Dietary Supplement Regulations in the United States
The FDA does not approve food, beverages, or dietary supplements in the United States. Pre-market approval is not required by the Agency for any conventional food or dietary supplement. As a result, corporations are not required to submit product information or labeling to the FDA. They do not require an inspection before marketing their items. The FDA, on the other hand, expects businesses to follow the rules and regulations in place.
Companies that do not comply with the laws and regulations may face FDA enforcement actions such as inspections, import refusals, import alerts, warning letters, registration suspension, and/or civil and criminal fines. With regulatory agencies taking a tougher approach to enforcing regulatory policies, procedures, and GMP compliance, businesses must ensure that their products conform with the most recent regulations.
What Exactly Is a Dietary Supplement?
The legislation defines dietary supplements as products used orally that contain a “dietary ingredient”. Vitamins, minerals, amino acids, herbs or botanicals, and other substances that can be utilized to supplement the diet are examples of this.
Product Classification by the FDA
The FDA has the authority to classify a product depending on its intended purpose. The FDA regulates the following products: traditional food or beverage, dietary supplement, medication, and cosmetics.
The claims made about the product in its labeling, advertising, promotional material, or any other applicable elements can be used to identify its intended usage. It can also be determined based on the product’s ingredients.
Conventional foods are those that are consumed in their traditional form, whereas dietary supplements are foods that may assume a different shape. Fruits, legumes, nuts, seeds, whole grains, seafood, and other typical foods are examples of conventional food.
Dietary supplements are available in a variety of formats, including pills, capsules, powders, energy bars, and liquids.
Requirements for Product Compliance
The Food Facility’s Registration
Following the events of 9/11, Congress passed the Bioterrorism Act of 2002. The Act required the FDA to issue regulations requiring the registration of any facility that manufactures, processes, or packs food, including drinks and dietary supplements. Trading companies, personal residences, transportation only providers, farms, retail food establishments, fishing vessels, and USDA-regulated facilities, on the other hand, are free from registration.
Registration Renewal
Companies must renew their registration every two years, on the even-numbered years. Failure to renew the registration may result in the registration being canceled.
Non-U.S. Facility Compliance Requirements
Appointment of a U.S. Agent
When registering, facilities located outside the United States must choose a U.S. Agent. It contains a verification step in which the US agent approves the designation. The agent is in charge of coordinating an FDA inspection, responding promptly to FDA actions and communications, and paying the FDA re-inspection fees.
Prior Warning
Companies based outside the United States must notify the FDA in advance of any cargo they send to the United States. The exporter, importer, or a third party may file the notice. Even samples require this notification. Failure to file the notice may result in the product being held in the port. The notification must include details about the facility and the shipment.

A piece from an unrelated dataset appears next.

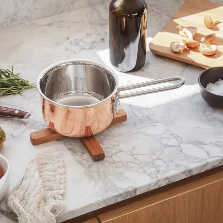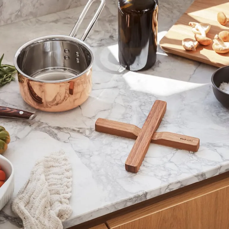 Magnetisk bordskåner 20 cm bambus fra Eva Solo. Bordskåneren kan plasseres på tvers under gryter og mindre fat og deles i to under større fat og panner. Takket være de innebygde magnetene følger bordskåneren kjelen rundt på bordet, og etter bruk tar den minimalt med plass i skuffen.
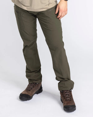 These flexible men’s trousers feature built-in 4-way stretch and UV protection against the sun. The fabric is equipped with a ripstop function to prevent any potential tears in the fabric from further expanding. It holds a bluesign® certification, signifying that it has been manufactured according to stringent safety and environmental standards. Additionally, these trousers are quick-drying and treated with an impregnation that repels mosquitoes and ticks from the fabric. The leg ends are adjustable with drawstrings for a tighter fit, and in the waist, there's a belt with a convenient plastic buckle. The trousers have two leg pockets with zippers, two open hand pockets, and a small hidden safety pocket with a zipper inside one of the hand pockets for secure storage of keys or similar items. They are lightweight and easy to pack in your bag, making them perfect for travelling. The remarkably high stretch ensures that these trousers are comfortable and don't restrict movement.

Labeling Requirements for Dietary Supplements
The minimum labelling requirements are as follows:
Identity Statement
The product name and identification as a dietary supplement must be included in the statement. Although the term dietary can be replaced with the type of ingredients in the product, having one of them on the product label is a legal necessity. Based on its actuals, the product must be labelled as either conventional meals and beverages or dietary supplement.
Net Contents Quantity
The net quantity of content tells consumers how much dietary supplement is in the container or packet. The net amount of content must be displayed on the product label as a distinct item in the bottom 30% of the main display panel in lines often parallel to the container’s base.
Supplements Table
The supplement information must provide a list of the names and amounts of dietary components found in the product’s serving size’ and ‘servings per container.’ Please keep in mind that dietary facts charts and nutrition data charts differ.
List of Ingredients
The elements must be listed in descending order of weight predominance. An ingredient statement is not required if all source components are included in the supplement information panel and there are no extra ingredients, such as excipients or fillers.
Additional Information
Other information required includes the name and address of the maker, packer, or distributor, as well as a domestic U.S. mail address and phone number to which a customer can report a major adverse event. When an adverse event is reported, the company is required to notify the FDA.
Understanding the Different Kinds of Dietary Supplement Claims
Nutrient Content Claims Nutrient content claims explain the level of a nutrient in the product using terms like free, high, and low, or they compare the level of a nutrient in one item to that of another using terms like more, reduced, and lite.
Medical Claims
Health claims highlight the reduction of disease risk associated with the ingestion of a certain nutrient.
Claims Regarding Structure and Function
Structure function assertions describe a nutrient’s role or method in influencing the structure or function of the organism. They may describe how a vitamin or dietary item operates to preserve such structure or function.